Spring AI With ChromaDB Vector Store

1. Overview

With traditional databases, we typically rely on exact keyword or basic pattern matching to implement our search functionality. While sufficient for simple applications, this approach fails to fully understand the meaning and context behind natural language queries.

Vector stores address this limitation by storing data as numeric vectors that capture their meaning. Similar words end up close to each other, which allows for semantic search, where the relevant results are returned even if they don’t contain the exact keywords used in the query.

In this tutorial, we’ll explore how to integrate ChromaDB, an open-source vector store, with Spring AI.
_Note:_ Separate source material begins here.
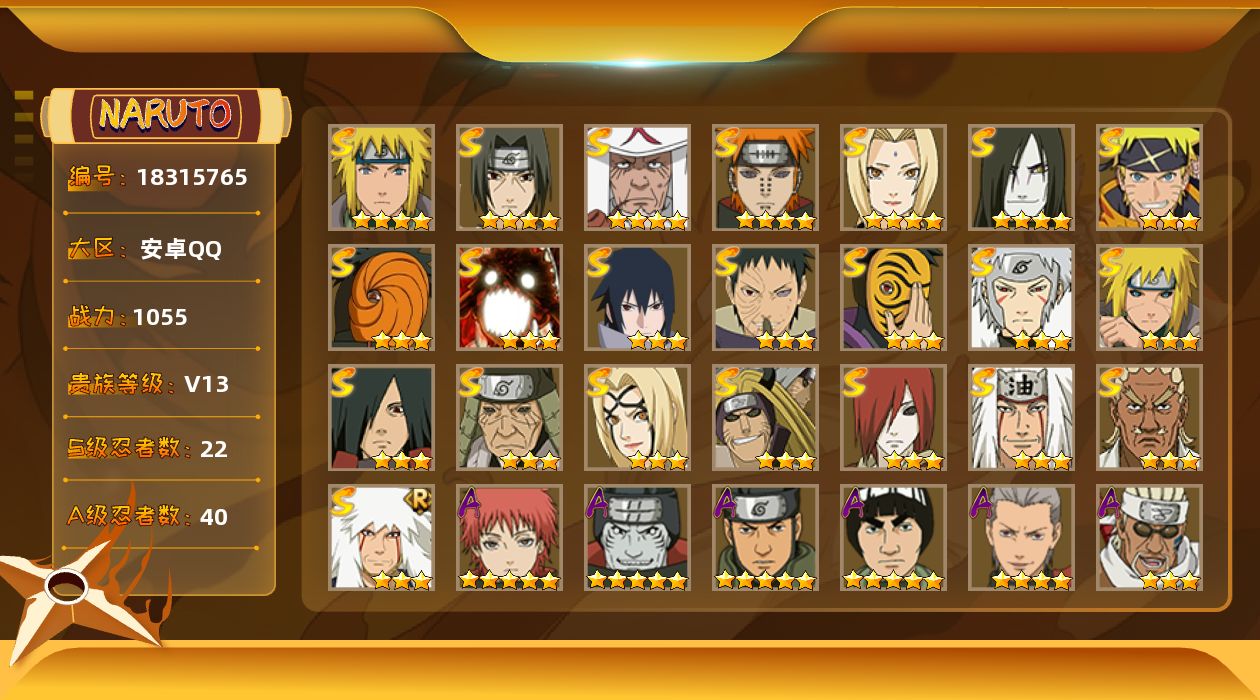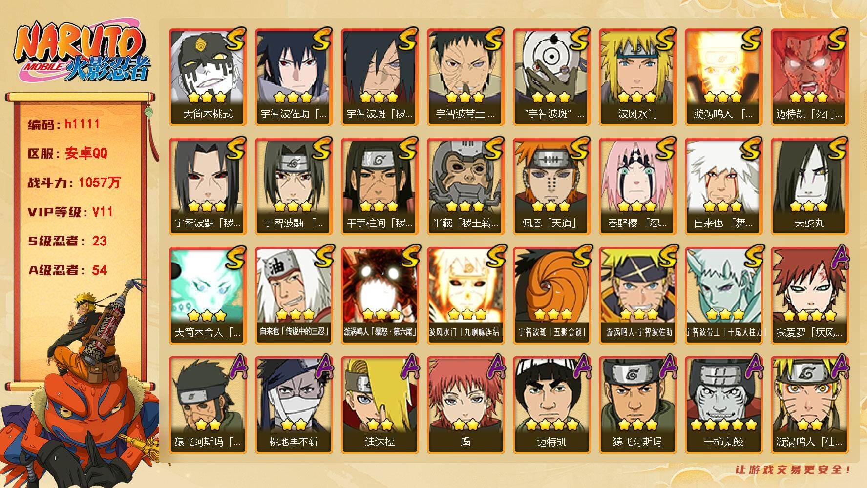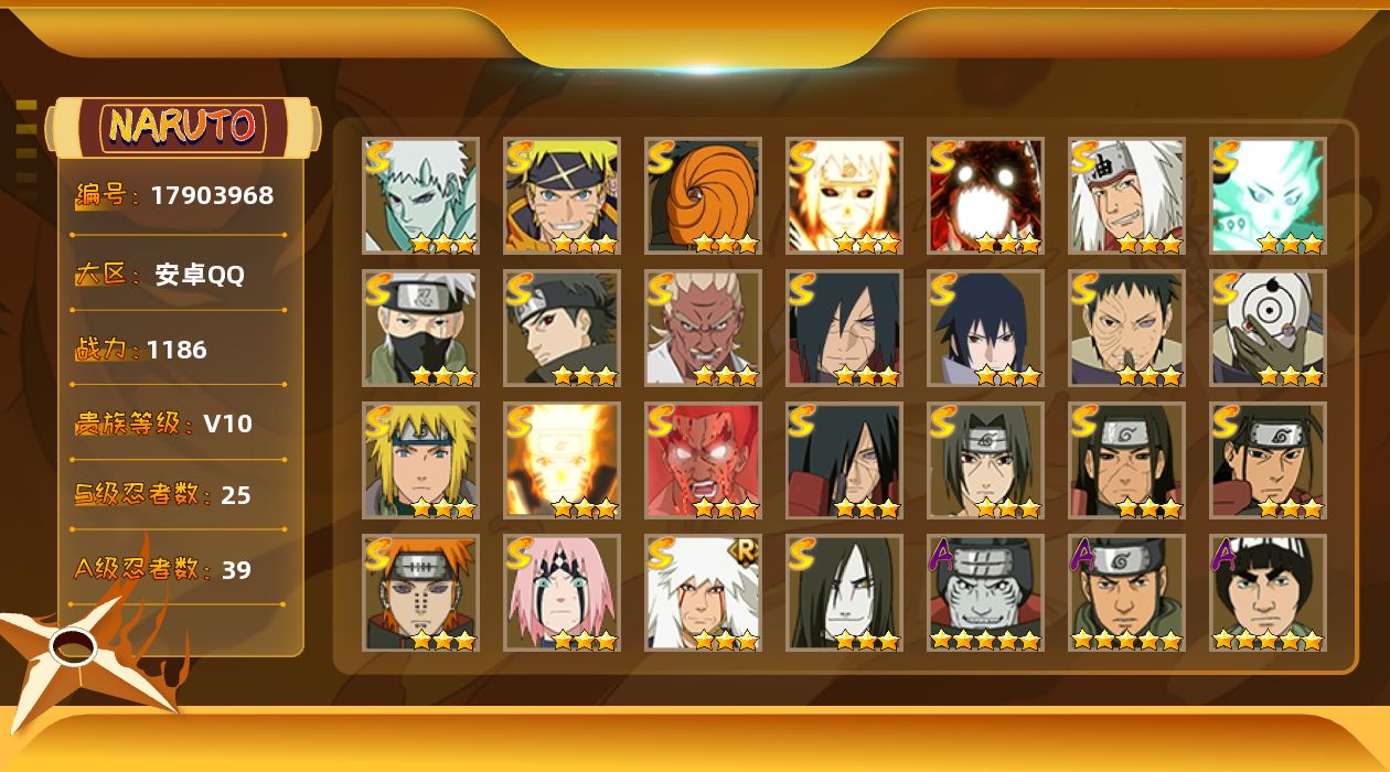 V11,1150万战力,有漂泊带土,再不斩等点卷忍者,可小刀

To convert our text data into vectors that ChromaDB can store and search, we’ll need an embedding model. We’ll use Ollama to run an embedding model locally.

2. Dependencies

Let’s start by adding the necessary dependencies to our project’s pom.xml file:

<dependency>
    <groupId>org.springframework.ai</groupId>
    <artifactId>spring-ai-chroma-store-spring-boot-starter</artifactId>
    <version>1.0.0-M4</version>
</dependency>
<dependency>
    <groupId>org.springframework.ai</groupId>
    <artifactId>spring-ai-ollama-spring-boot-starter</artifactId>
    <version>1.0.0-M4</version>
</dependency>

The ChromaDB starter dependency enables us to establish a connection with our ChromaDB vector store and interact with it.
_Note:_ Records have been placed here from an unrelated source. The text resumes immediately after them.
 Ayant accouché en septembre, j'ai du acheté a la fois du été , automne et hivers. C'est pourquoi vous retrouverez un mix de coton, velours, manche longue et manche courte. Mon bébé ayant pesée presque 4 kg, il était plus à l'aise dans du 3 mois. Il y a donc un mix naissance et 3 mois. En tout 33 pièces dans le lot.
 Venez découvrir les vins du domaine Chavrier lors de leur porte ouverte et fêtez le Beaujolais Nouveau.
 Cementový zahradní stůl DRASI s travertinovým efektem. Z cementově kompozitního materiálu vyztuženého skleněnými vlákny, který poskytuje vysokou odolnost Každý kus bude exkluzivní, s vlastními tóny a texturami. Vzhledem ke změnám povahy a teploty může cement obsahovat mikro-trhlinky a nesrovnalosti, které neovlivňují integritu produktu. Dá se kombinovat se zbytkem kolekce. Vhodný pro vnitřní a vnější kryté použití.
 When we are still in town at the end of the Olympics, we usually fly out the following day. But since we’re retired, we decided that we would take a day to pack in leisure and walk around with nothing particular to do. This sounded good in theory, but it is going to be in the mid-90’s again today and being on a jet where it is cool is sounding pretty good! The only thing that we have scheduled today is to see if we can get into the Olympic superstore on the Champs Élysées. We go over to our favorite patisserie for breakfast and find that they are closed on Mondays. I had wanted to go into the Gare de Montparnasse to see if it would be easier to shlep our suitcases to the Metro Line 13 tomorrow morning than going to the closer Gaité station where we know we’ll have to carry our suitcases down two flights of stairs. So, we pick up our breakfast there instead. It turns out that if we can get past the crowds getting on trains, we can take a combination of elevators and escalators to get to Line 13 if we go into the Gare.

Additionally, we import the Ollama starter dependency, which we’ll use to run our embedding model.

Since the current version, 1.0.0-M4, is a milestone release, we’ll also need to add the Spring Milestones repository to our pom.xml:

<repositories>
    <repository>
        <id>spring-milestones</id>
        <name>Spring Milestones</name>
        <url>https://repo.spring.io/milestone</url>
        <snapshots>
            <enabled>false</enabled>
        </snapshots>
    </repository>
</repositories>

This repository is where milestone versions are published, as opposed to the standard Maven Central repository.

Since we’re using multiple Spring AI starters in our project, let’s also include the Spring AI Bill of Materials (BOM) in our pom.xml:

<dependencyManagement>
    <dependencies>
        <dependency>
            <groupId>org.springframework.ai</groupId>
            <artifactId>spring-ai-bom</artifactId>
            <version>1.0.0-M4</version>
            <type>pom</type>
            <scope>import</scope>
        </dependency>
    </dependencies>
</dependencyManagement>

With this addition, we can now remove the version tag from both of our starter dependencies.

The BOM eliminates the risk of version conflicts and ensures our Spring AI dependencies are compatible with each other.

3. Setting up Local Test Environment With Testcontainers

To facilitate local development and testing, we’ll use Testcontainers to set up our ChromaDB vector store and Ollama service.

The prerequisite for running the required services via Testcontainers is an active Docker instance.

3.1. Test Dependencies

First, let’s add the necessary test dependencies to our pom.xml:

<dependency>
    <groupId>org.springframework.ai</groupId>
    <artifactId>spring-ai-spring-boot-testcontainers</artifactId>
    <scope>test</scope>
</dependency>
<dependency>
    <groupId>org.testcontainers</groupId>
    <artifactId>chromadb</artifactId>
    <scope>test</scope>
</dependency>
<dependency>
    <groupId>org.testcontainers</groupId>
    <artifactId>ollama</artifactId>
    <scope>test</scope>
</dependency>

These dependencies provide us with the necessary classes to spin up ephemeral Docker instances for both of our external services.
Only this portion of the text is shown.